Aim of the exercise — Set down, word for word, only the lines from the start of the records through the line bearing "2026: 440 Euros"; include no pictures.
┌──
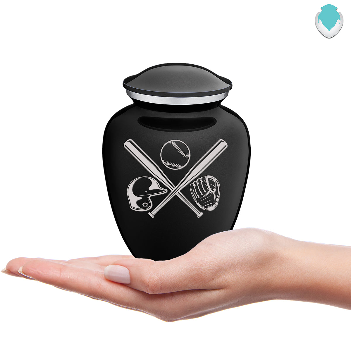 Honor the memory of your loved one with the Embrace Baseball Cremation Urn for Ashes. This beautiful urn represents a celebration of a loved one and their favorite sport. This is the perfect resting place for a baseball enthusiast.
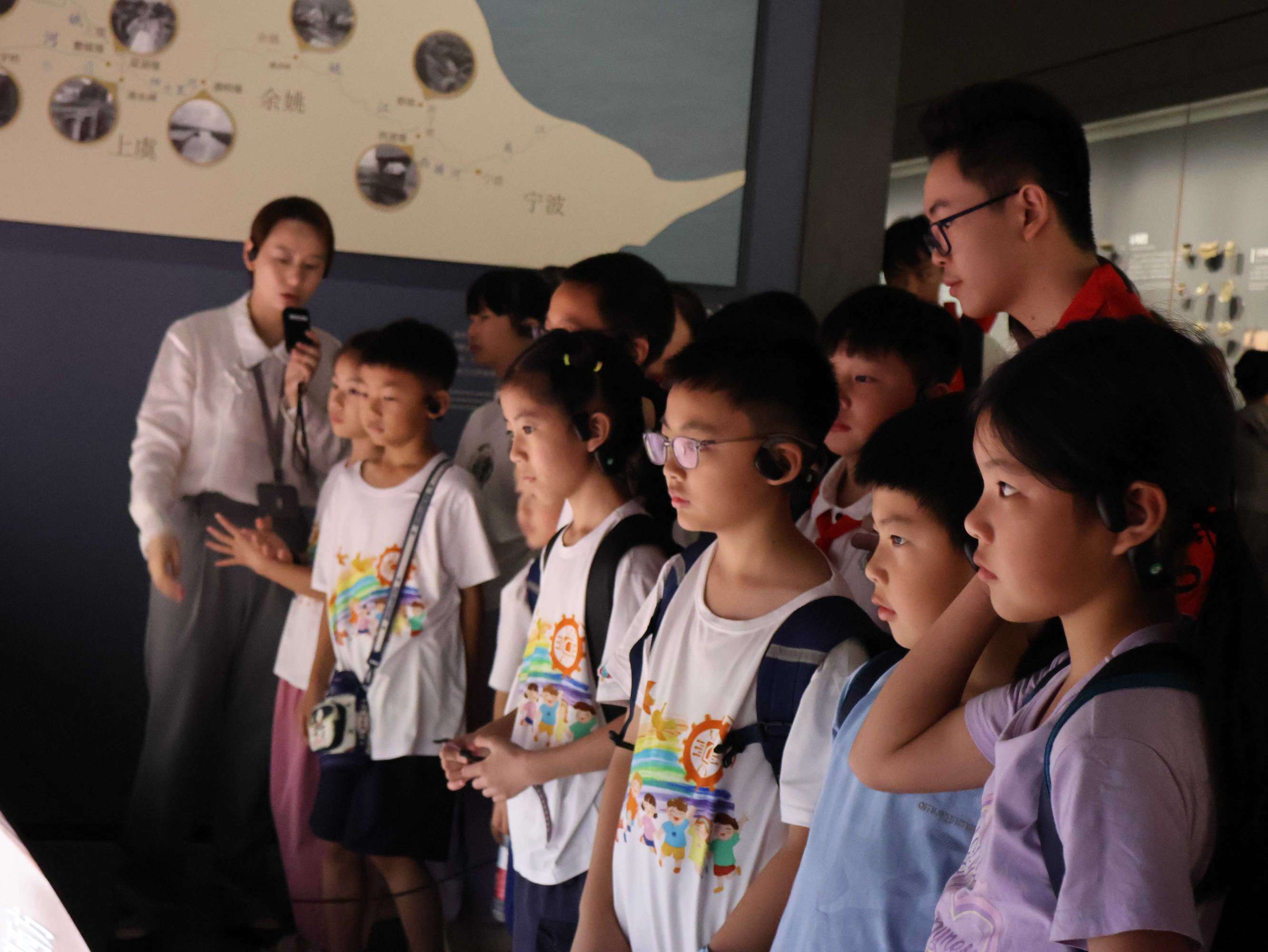 小朋友正在参观浙江省博物馆讲解老师的讲解
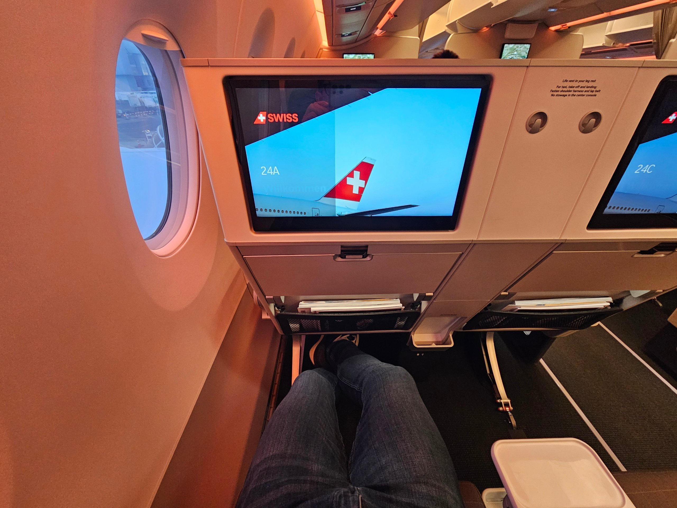 På en långdistansflygning skulle jag kunna tänka mig det utan att tveka. På rutten Prag-Zürich njöt jag snarare av känslan av utrymme - och det faktum att jag satt i något som man praktiskt taget inte upplever på en vanlig europeisk flygning.
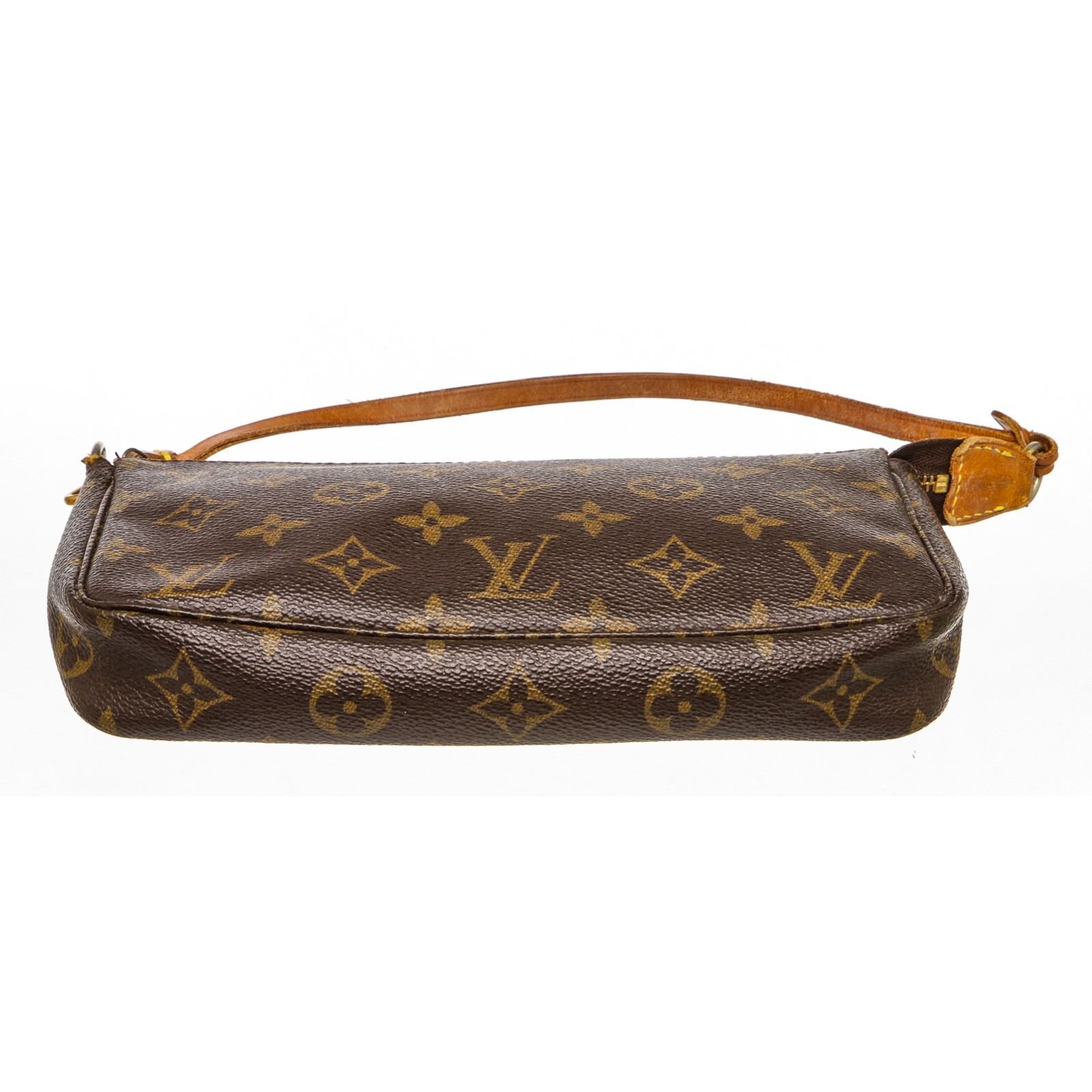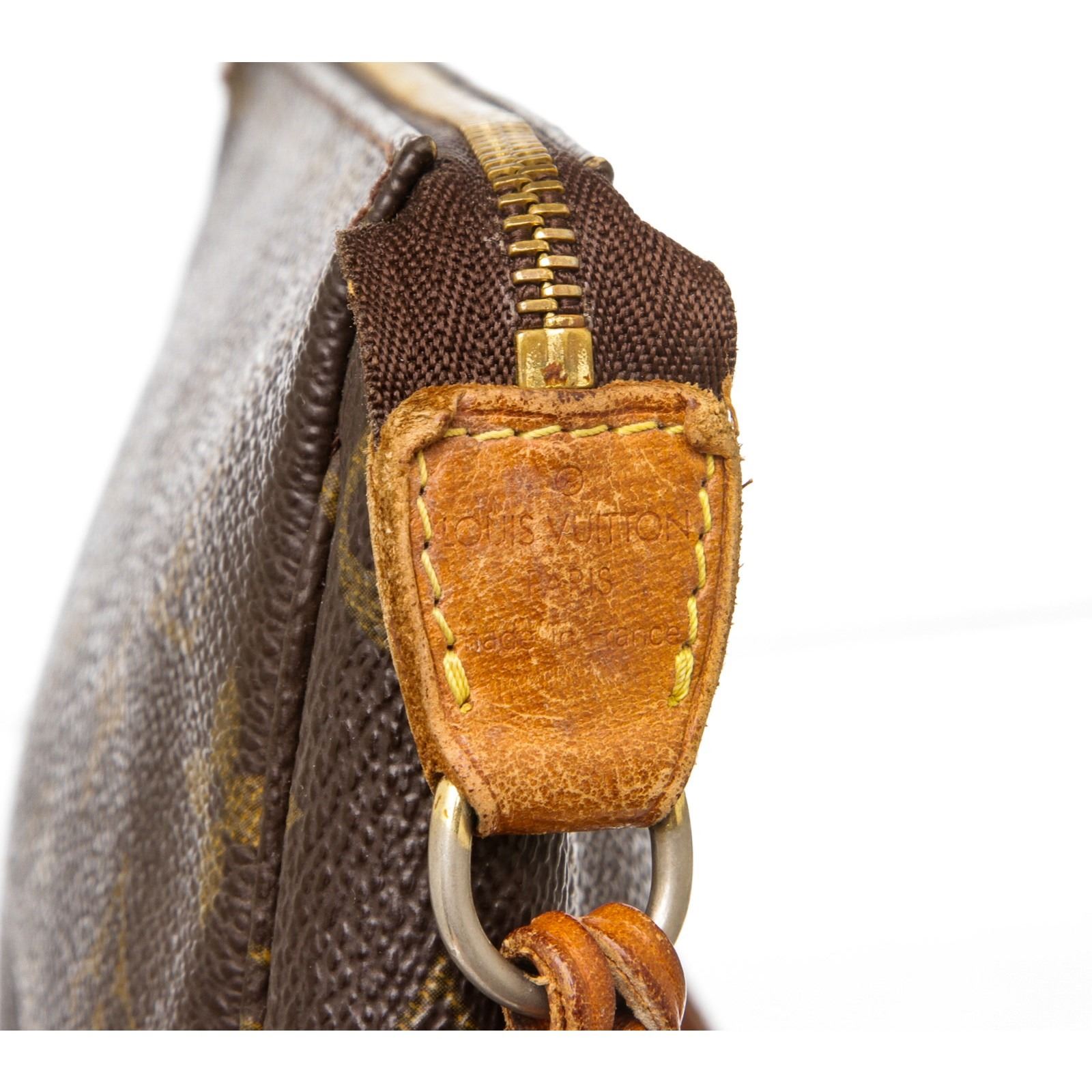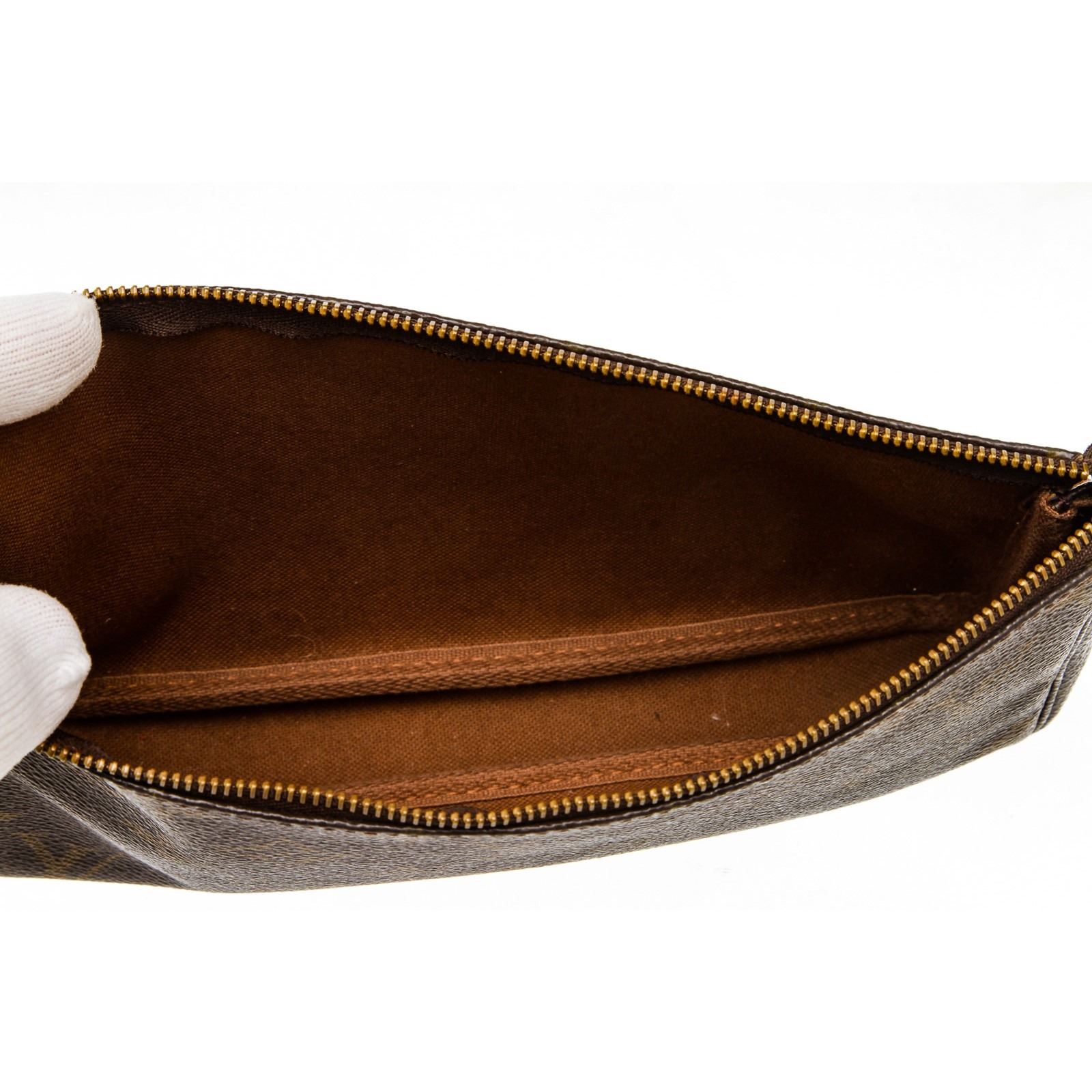 Brown and tan monogram coated canvas Louis Vuitton Pochette bag with brass hardware, tan vachetta leather trim, single flat top handle, brown canvas lining and zip closure at top.
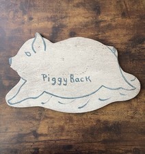 Vintage Handmade Hand Painted Pig Sign: “Piggy Back” White And Blue, Toy Ride
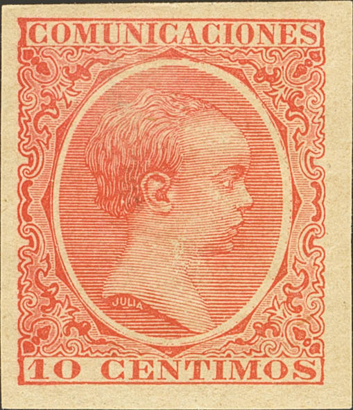 ★ 218s. 1889. 10 cts bermellón. SIN DENTAR. MAGNIFICO Y RARO. Edifil 2026: 440 Euros
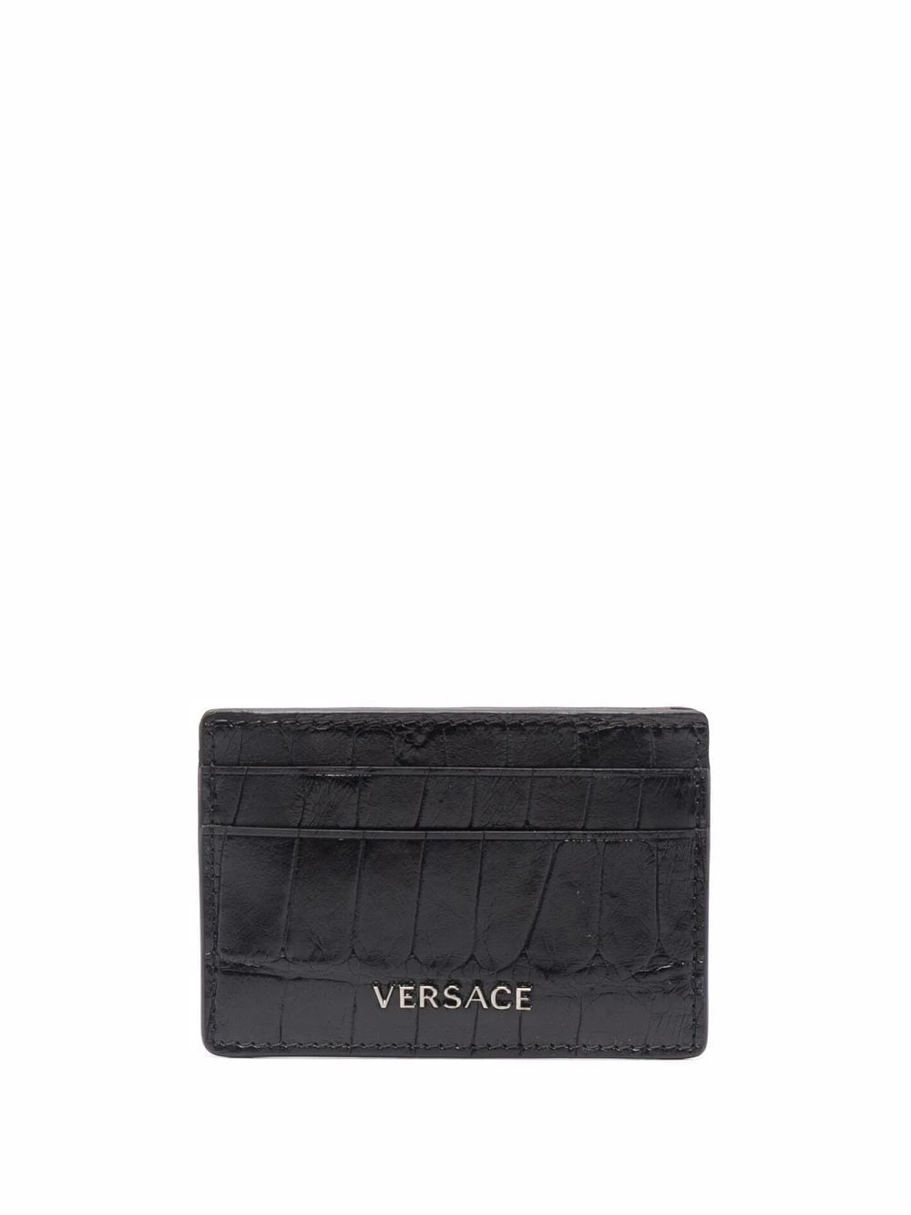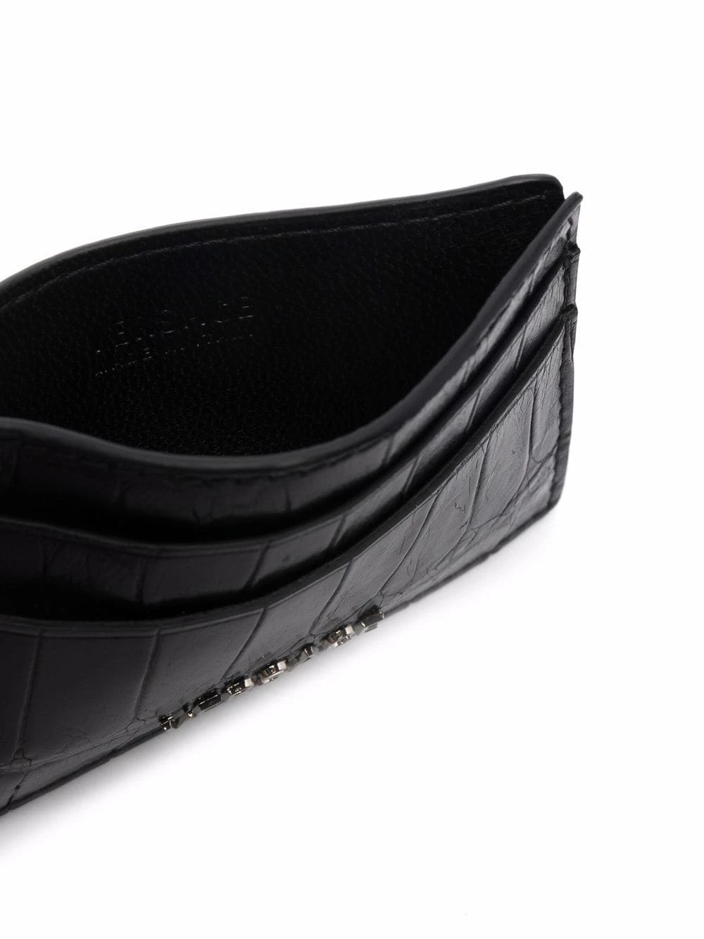 Plaque logo argentée, effet peau de crocodile, fentes pour carte, poche plaquée au centre. Couleur : noir. Matière : cuir.
└──
Solution for this problem —
 Honor the memory of your loved one with the Embrace Baseball Cremation Urn for Ashes. This beautiful urn represents a celebration of a loved one and their favorite sport. This is the perfect resting place for a baseball enthusiast.
 小朋友正在参观浙江省博物馆讲解老师的讲解
 På en långdistansflygning skulle jag kunna tänka mig det utan att tveka. På rutten Prag-Zürich njöt jag snarare av känslan av utrymme - och det faktum att jag satt i något som man praktiskt taget inte upplever på en vanlig europeisk flygning.
 Brown and tan monogram coated canvas Louis Vuitton Pochette bag with brass hardware, tan vachetta leather trim, single flat top handle, brown canvas lining and zip closure at top.
 Vintage Handmade Hand Painted Pig Sign: “Piggy Back” White And Blue, Toy Ride
 ★ 218s. 1889. 10 cts bermellón. SIN DENTAR. MAGNIFICO Y RARO. Edifil 2026: 440 Euros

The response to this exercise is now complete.